Australian National University

The discovery of how a particular gene in the human body suppresses autoimmune diseases like Type 1 diabetes and lupus could open the way for a completely new approach to treating such conditions, scientists propose.

Around one in eight Australians suffer from autoimmune diseases, which occur when the body’s T and B cells attack its own organs and tissues. In 2005 Dr Carola Vinuesa and Professor Chris Goodnow from The Australian National University discovered that such pathologies were linked to the gene Roquin, which can undergo a specific mutation that results in it instructing T cells to react against the self. Now the researchers lead an international team that reports in the journal Nature on exactly how a healthy Roquin gene prevents abnormal T-cell behavior.

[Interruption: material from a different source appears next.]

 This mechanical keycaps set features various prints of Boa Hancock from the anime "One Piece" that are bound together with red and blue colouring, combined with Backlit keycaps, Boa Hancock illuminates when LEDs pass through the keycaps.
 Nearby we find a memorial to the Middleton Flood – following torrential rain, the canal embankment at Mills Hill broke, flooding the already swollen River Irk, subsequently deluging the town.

“Our findings hinge on the fact that the activities of a normal Roquin gene are orchestrated by parts of the genome until very recently considered to be "junk DNA",” said Dr Vinuesa from the John Curtin School of Medical Research (JCSMR) at ANU.

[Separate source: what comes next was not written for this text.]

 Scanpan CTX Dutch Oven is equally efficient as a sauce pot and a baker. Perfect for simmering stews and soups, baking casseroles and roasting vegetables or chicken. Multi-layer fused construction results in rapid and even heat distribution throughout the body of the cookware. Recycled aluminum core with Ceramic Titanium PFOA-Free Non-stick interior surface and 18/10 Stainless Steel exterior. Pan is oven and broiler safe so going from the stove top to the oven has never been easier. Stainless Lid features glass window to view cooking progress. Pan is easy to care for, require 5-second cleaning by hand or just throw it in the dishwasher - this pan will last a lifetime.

The discovery centres on a form of RNA, or Ribo Nucleic Acid. Most RNAs are thought of as messengers that carry information from a cell’s DNA blueprint so it can be written into proteins, the building-blocks of cells and tissues. But not all RNAs act as a messenger. Some small, non-protein-coding forms of the material, called microRNAs, actually induce the decay of messenger RNAs.

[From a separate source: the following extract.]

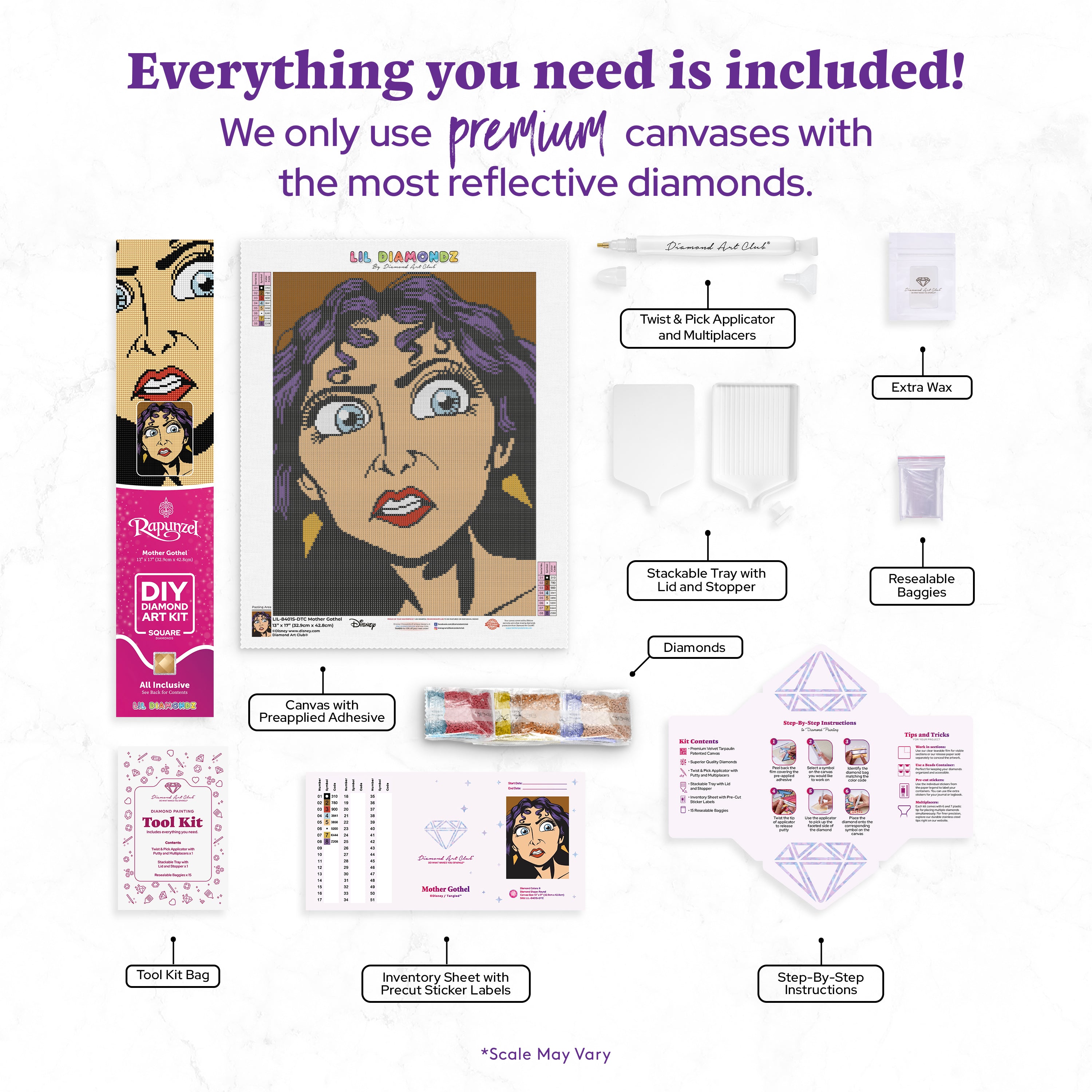Unleash your inner drama with Rapunzel’s cunning keeper. In this striking depiction of timeless intensity, bold colors and expressive details bring her scheming blue eyes up close and personal.

“This decay leads to reduction of the expression of proteins such as one called ICOS, that we have now shown can result in autoimmunity when it is over-expressed,” said Dr Di Yu from JCSMR, who performed most of the experiments leading to the discovery. “This is the first time that microRNAs have been linked to protection from autoimmune diseases.”

Once considered to be genetic junk, microRNAs are now thought to regulate up to 30 per cent of the genome, and have been recently shown to play an important role in the development of cancer and other diseases. “More and more scientists are beginning to think of genes as ‘RNA factories’,” said JCSMR’s Professor Chris Goodnow, who is also the Director of the Australian Phenomics Facility at ANU. “We’re learning more and more about how RNAs regulate critical processes related to cell development and the evolution of complex structures like the brain.”

The researchers said their work opened up the possibility of using RNA interference, or the microRNAs themselves, in the treatment of autoimmune diseases.